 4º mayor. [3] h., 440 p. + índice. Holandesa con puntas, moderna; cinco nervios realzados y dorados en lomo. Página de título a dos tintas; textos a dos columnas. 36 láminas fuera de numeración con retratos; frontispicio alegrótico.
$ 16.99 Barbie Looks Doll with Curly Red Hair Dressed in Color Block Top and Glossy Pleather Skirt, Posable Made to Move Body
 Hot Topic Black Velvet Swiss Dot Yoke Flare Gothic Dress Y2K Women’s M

****************************************

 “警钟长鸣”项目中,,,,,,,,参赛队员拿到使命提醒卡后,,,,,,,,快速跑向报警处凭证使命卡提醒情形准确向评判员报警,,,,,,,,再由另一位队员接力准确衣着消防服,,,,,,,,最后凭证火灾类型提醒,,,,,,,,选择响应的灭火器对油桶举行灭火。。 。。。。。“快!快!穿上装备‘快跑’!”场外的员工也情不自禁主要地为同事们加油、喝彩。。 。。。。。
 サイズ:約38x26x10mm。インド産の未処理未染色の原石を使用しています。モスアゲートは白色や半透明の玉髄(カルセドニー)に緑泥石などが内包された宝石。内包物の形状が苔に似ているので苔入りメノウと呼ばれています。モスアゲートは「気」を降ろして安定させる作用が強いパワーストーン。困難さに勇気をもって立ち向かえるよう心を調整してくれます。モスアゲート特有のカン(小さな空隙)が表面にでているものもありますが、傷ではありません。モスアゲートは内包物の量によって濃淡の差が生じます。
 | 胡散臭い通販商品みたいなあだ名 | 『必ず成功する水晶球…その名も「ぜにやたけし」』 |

****************************************

DIRECTIONS: Here the output must be the lines above from the line with "4º mayor. [3]" to the line with "to Move Body", both included, duplicated word for word and nothing else.

YOUR SOLUTION:
 4º mayor. [3] h., 440 p. + índice. Holandesa con puntas, moderna; cinco nervios realzados y dorados en lomo. Página de título a dos tintas; textos a dos columnas. 36 láminas fuera de numeración con retratos; frontispicio alegrótico.
$ 16.99 Barbie Looks Doll with Curly Red Hair Dressed in Color Block Top and Glossy Pleather Skirt, Posable Made to Move Body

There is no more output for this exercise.